───── Source data ─────

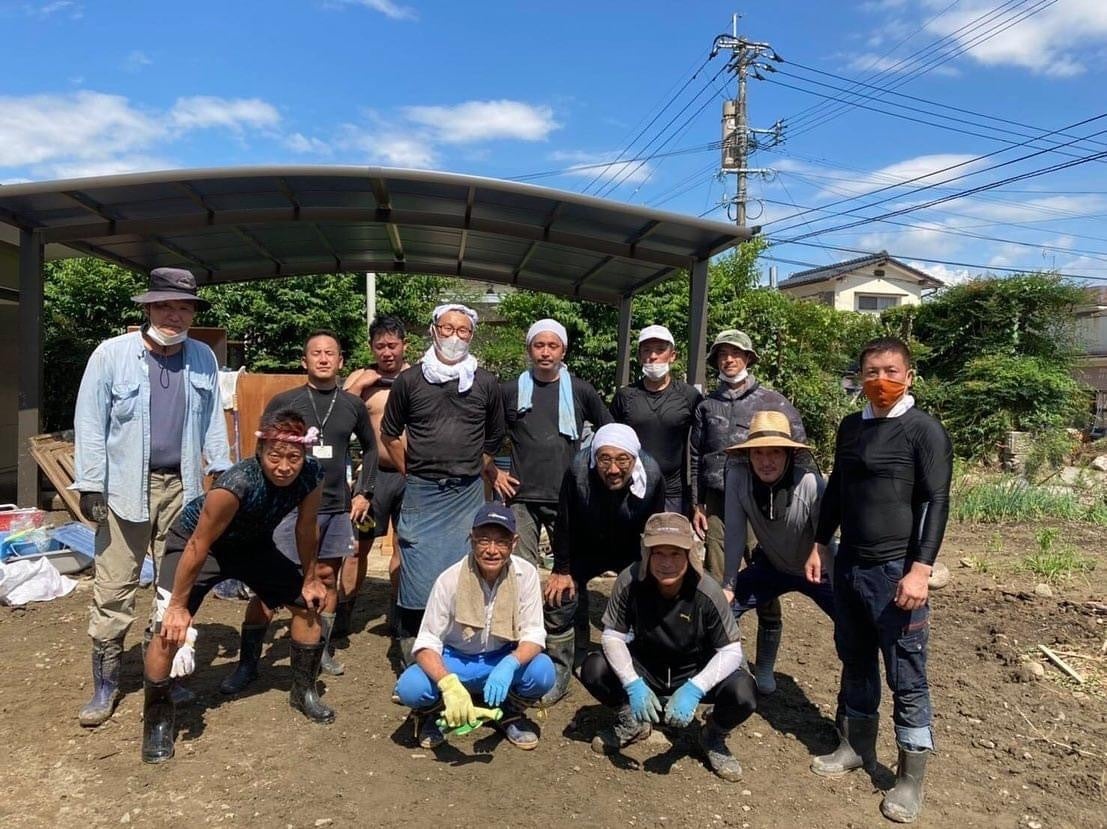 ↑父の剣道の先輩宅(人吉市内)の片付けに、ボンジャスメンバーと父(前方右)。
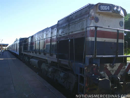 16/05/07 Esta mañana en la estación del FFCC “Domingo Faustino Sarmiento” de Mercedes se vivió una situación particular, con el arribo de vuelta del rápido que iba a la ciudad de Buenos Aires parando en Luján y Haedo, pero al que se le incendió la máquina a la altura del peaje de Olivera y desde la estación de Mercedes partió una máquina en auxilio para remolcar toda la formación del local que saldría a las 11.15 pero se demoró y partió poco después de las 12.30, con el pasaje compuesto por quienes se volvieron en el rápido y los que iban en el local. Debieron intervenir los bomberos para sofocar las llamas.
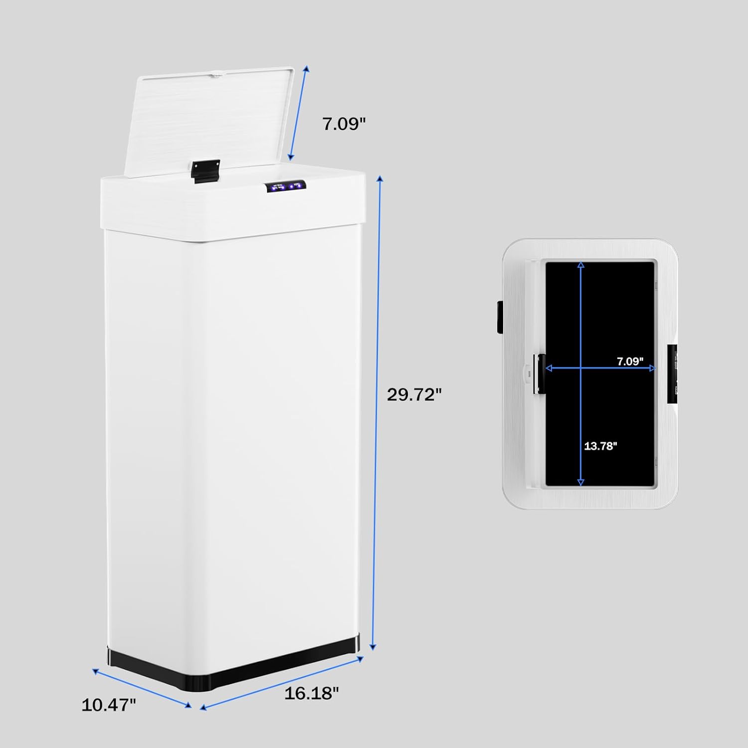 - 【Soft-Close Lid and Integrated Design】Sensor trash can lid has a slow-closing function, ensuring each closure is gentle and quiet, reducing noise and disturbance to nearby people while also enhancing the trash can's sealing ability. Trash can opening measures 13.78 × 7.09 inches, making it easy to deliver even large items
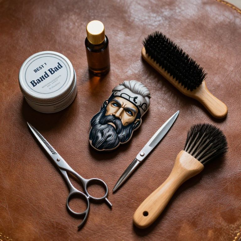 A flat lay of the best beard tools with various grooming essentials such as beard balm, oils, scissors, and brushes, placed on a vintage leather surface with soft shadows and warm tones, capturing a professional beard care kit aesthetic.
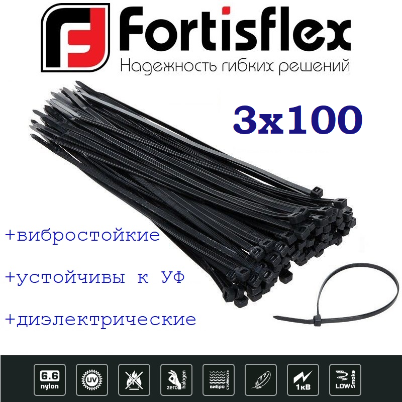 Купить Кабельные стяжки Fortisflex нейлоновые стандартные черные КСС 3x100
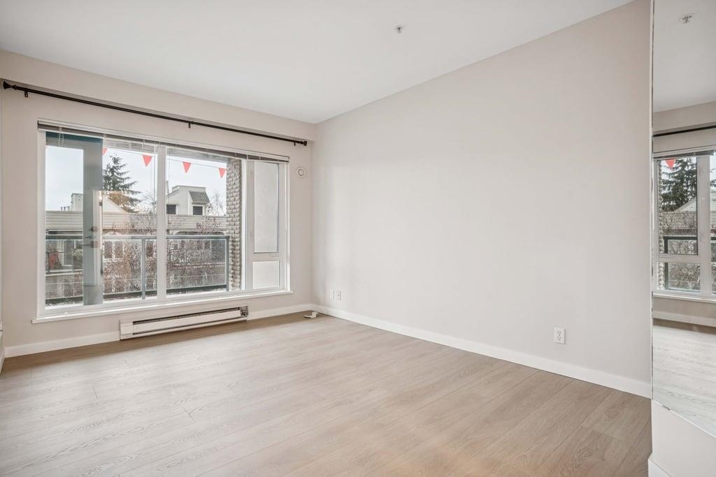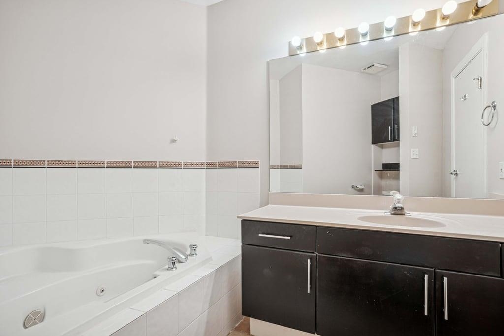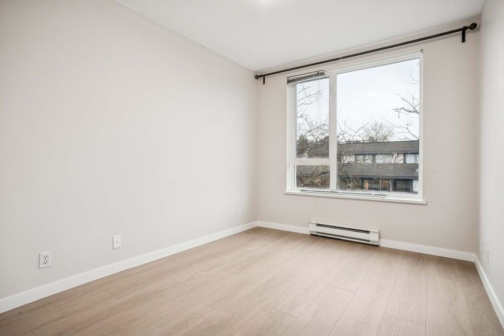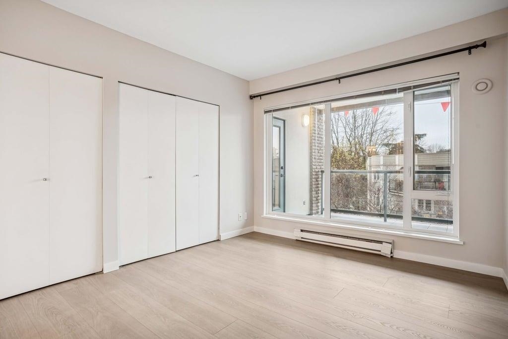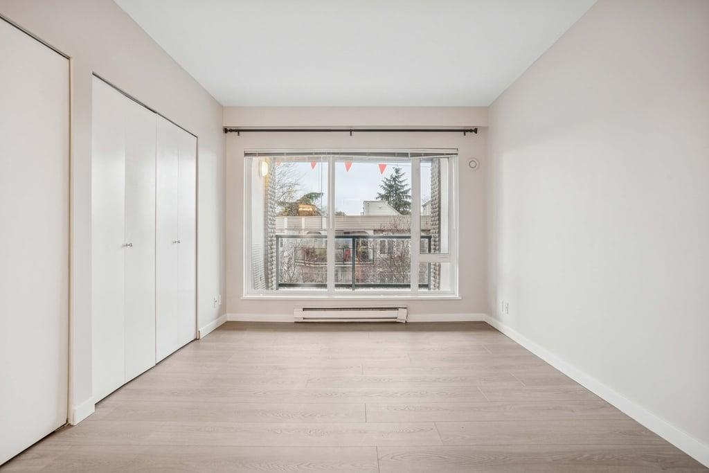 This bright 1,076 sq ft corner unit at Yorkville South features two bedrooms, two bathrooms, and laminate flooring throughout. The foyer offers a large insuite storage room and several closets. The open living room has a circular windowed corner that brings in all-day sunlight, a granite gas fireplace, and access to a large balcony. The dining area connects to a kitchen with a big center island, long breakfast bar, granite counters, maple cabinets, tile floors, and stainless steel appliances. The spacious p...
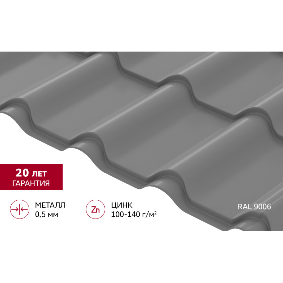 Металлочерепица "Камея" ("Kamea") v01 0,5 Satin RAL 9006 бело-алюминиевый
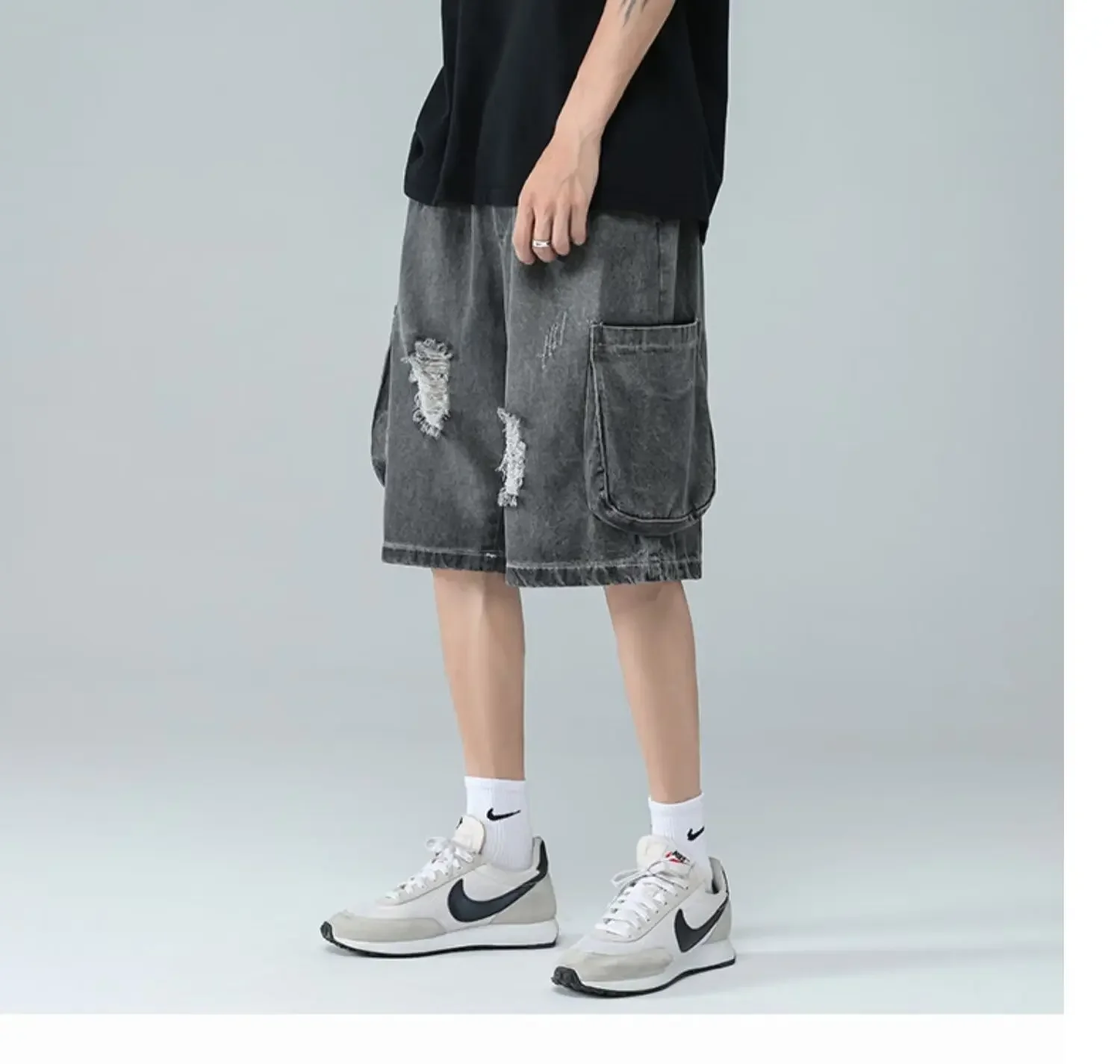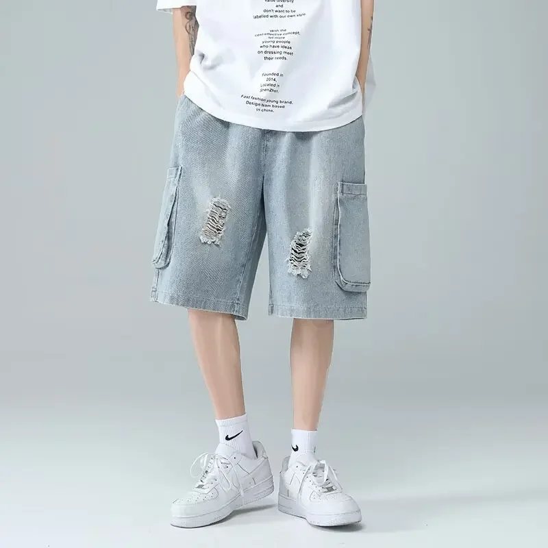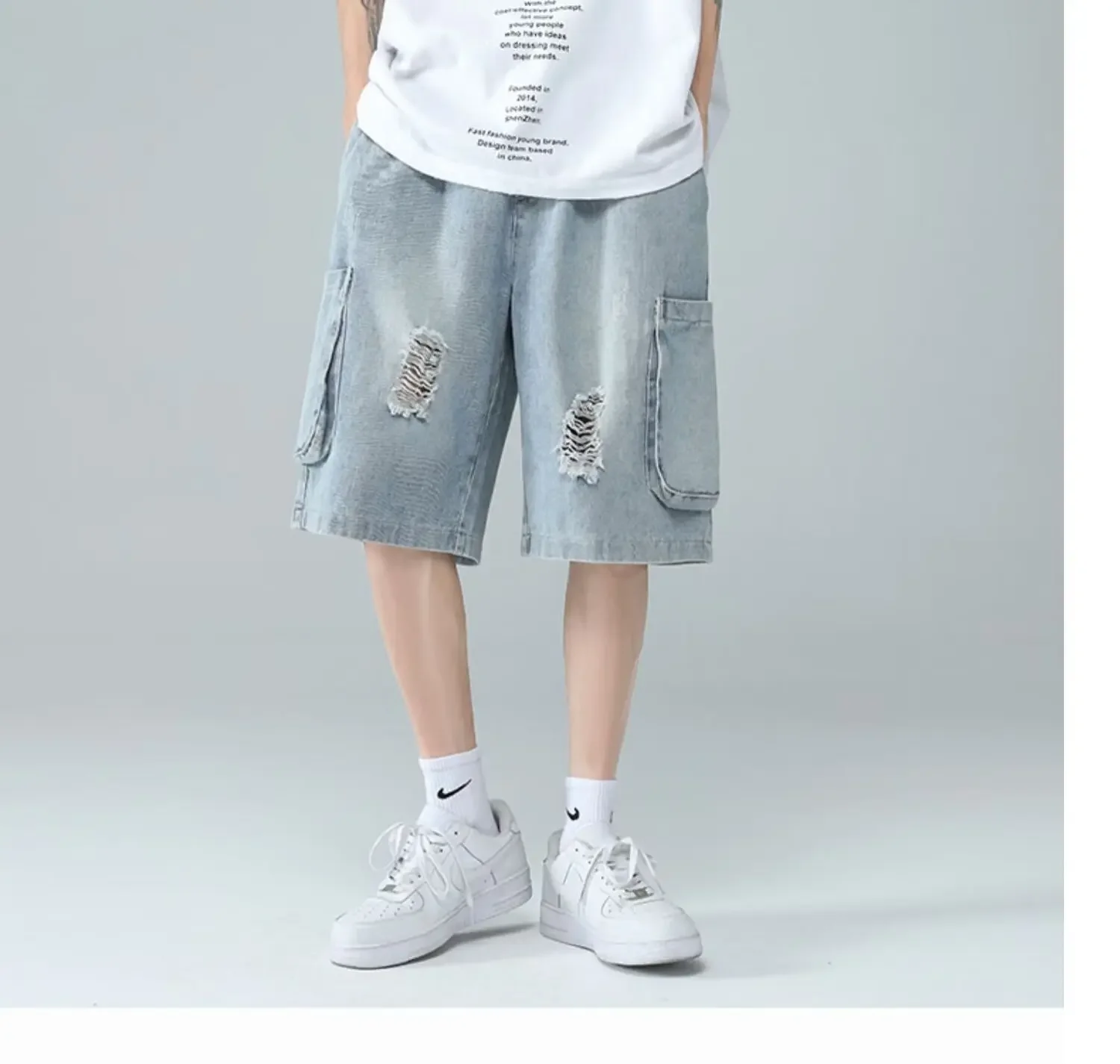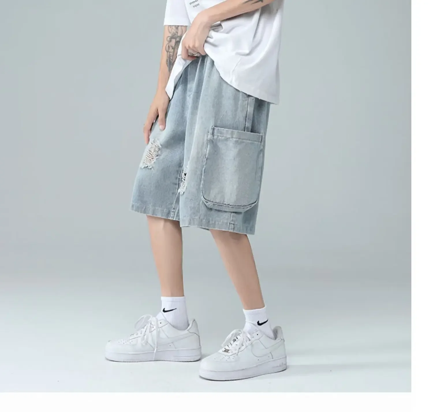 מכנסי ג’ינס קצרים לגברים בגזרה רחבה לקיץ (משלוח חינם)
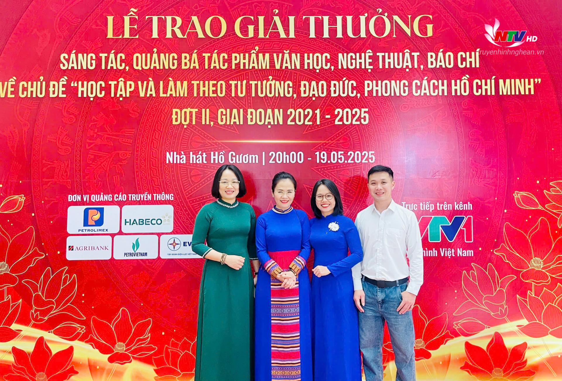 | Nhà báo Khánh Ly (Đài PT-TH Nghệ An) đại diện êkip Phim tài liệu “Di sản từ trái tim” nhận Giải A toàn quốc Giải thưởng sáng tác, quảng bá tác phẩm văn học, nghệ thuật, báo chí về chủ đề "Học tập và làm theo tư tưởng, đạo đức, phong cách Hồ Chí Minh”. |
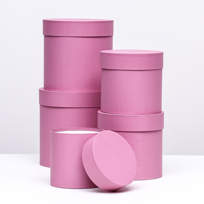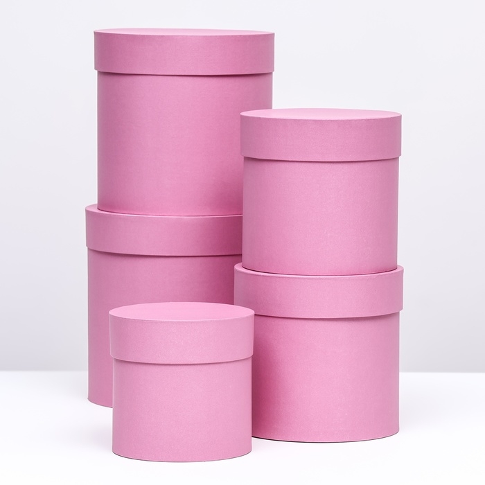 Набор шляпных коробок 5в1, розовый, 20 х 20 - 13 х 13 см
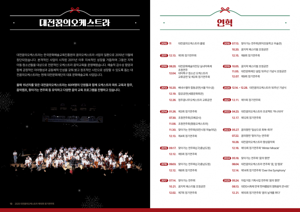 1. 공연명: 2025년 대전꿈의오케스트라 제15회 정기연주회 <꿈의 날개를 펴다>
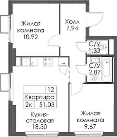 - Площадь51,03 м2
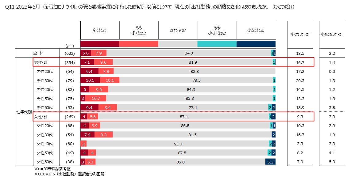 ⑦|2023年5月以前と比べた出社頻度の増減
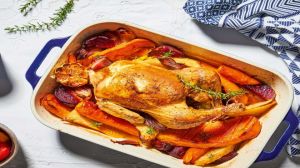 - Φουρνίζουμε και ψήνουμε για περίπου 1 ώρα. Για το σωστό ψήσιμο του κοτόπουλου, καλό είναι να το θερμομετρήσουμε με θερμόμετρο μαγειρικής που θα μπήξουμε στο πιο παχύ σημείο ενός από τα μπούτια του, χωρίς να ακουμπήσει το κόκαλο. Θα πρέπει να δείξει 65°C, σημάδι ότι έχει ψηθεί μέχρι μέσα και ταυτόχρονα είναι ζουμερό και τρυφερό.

─────

Problem to solve | A word-for-word copy of the records above is needed, pictures excluded.

Reply to the exercise |
 ↑父の剣道の先輩宅(人吉市内)の片付けに、ボンジャスメンバーと父(前方右)。
 16/05/07 Esta mañana en la estación del FFCC “Domingo Faustino Sarmiento” de Mercedes se vivió una situación particular, con el arribo de vuelta del rápido que iba a la ciudad de Buenos Aires parando en Luján y Haedo, pero al que se le incendió la máquina a la altura del peaje de Olivera y desde la estación de Mercedes partió una máquina en auxilio para remolcar toda la formación del local que saldría a las 11.15 pero se demoró y partió poco después de las 12.30, con el pasaje compuesto por quienes se volvieron en el rápido y los que iban en el local. Debieron intervenir los bomberos para sofocar las llamas.
 - 【Soft-Close Lid and Integrated Design】Sensor trash can lid has a slow-closing function, ensuring each closure is gentle and quiet, reducing noise and disturbance to nearby people while also enhancing the trash can's sealing ability. Trash can opening measures 13.78 × 7.09 inches, making it easy to deliver even large items
 A flat lay of the best beard tools with various grooming essentials such as beard balm, oils, scissors, and brushes, placed on a vintage leather surface with soft shadows and warm tones, capturing a professional beard care kit aesthetic.
 Купить Кабельные стяжки Fortisflex нейлоновые стандартные черные КСС 3x100
 This bright 1,076 sq ft corner unit at Yorkville South features two bedrooms, two bathrooms, and laminate flooring throughout. The foyer offers a large insuite storage room and several closets. The open living room has a circular windowed corner that brings in all-day sunlight, a granite gas fireplace, and access to a large balcony. The dining area connects to a kitchen with a big center island, long breakfast bar, granite counters, maple cabinets, tile floors, and stainless steel appliances. The spacious p...
 Металлочерепица "Камея" ("Kamea") v01 0,5 Satin RAL 9006 бело-алюминиевый
 מכנסי ג’ינס קצרים לגברים בגזרה רחבה לקיץ (משלוח חינם)
 | Nhà báo Khánh Ly (Đài PT-TH Nghệ An) đại diện êkip Phim tài liệu “Di sản từ trái tim” nhận Giải A toàn quốc Giải thưởng sáng tác, quảng bá tác phẩm văn học, nghệ thuật, báo chí về chủ đề "Học tập và làm theo tư tưởng, đạo đức, phong cách Hồ Chí Minh”. |
 Набор шляпных коробок 5в1, розовый, 20 х 20 - 13 х 13 см
 1. 공연명: 2025년 대전꿈의오케스트라 제15회 정기연주회 <꿈의 날개를 펴다>
 - Площадь51,03 м2
 ⑦|2023年5月以前と比べた出社頻度の増減
 - Φουρνίζουμε και ψήνουμε για περίπου 1 ώρα. Για το σωστό ψήσιμο του κοτόπουλου, καλό είναι να το θερμομετρήσουμε με θερμόμετρο μαγειρικής που θα μπήξουμε στο πιο παχύ σημείο ενός από τα μπούτια του, χωρίς να ακουμπήσει το κόκαλο. Θα πρέπει να δείξει 65°C, σημάδι ότι έχει ψηθεί μέχρι μέσα και ταυτόχρονα είναι ζουμερό και τρυφερό.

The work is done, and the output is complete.